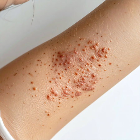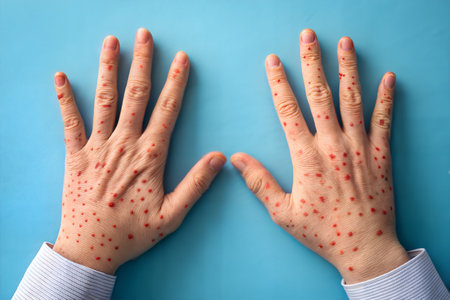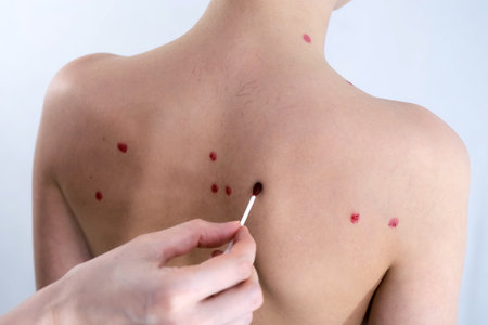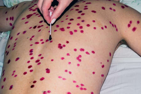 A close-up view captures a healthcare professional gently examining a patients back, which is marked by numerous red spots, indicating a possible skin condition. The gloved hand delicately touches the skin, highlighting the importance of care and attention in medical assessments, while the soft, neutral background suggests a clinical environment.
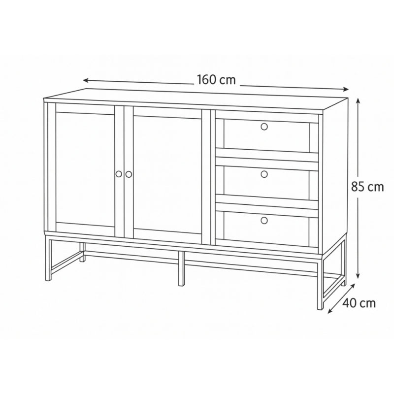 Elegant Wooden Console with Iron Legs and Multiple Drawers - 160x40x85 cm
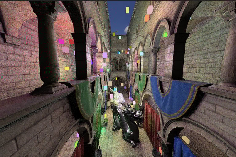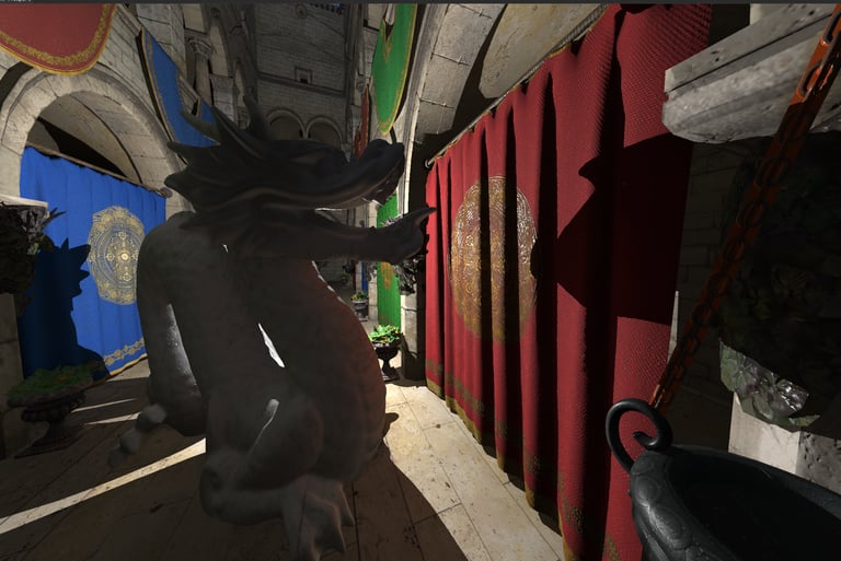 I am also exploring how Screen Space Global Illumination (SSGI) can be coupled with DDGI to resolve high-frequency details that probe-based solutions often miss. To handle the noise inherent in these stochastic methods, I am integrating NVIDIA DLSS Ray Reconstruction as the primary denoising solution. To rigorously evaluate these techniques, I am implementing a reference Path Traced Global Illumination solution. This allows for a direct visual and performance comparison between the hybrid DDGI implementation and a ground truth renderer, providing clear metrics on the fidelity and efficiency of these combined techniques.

> **TASK GOAL**
Copy the material above in full and exactly, skipping pictures.

> **RESULT**
 A close-up view captures a healthcare professional gently examining a patients back, which is marked by numerous red spots, indicating a possible skin condition. The gloved hand delicately touches the skin, highlighting the importance of care and attention in medical assessments, while the soft, neutral background suggests a clinical environment.
 Elegant Wooden Console with Iron Legs and Multiple Drawers - 160x40x85 cm
 I am also exploring how Screen Space Global Illumination (SSGI) can be coupled with DDGI to resolve high-frequency details that probe-based solutions often miss. To handle the noise inherent in these stochastic methods, I am integrating NVIDIA DLSS Ray Reconstruction as the primary denoising solution. To rigorously evaluate these techniques, I am implementing a reference Path Traced Global Illumination solution. This allows for a direct visual and performance comparison between the hybrid DDGI implementation and a ground truth renderer, providing clear metrics on the fidelity and efficiency of these combined techniques.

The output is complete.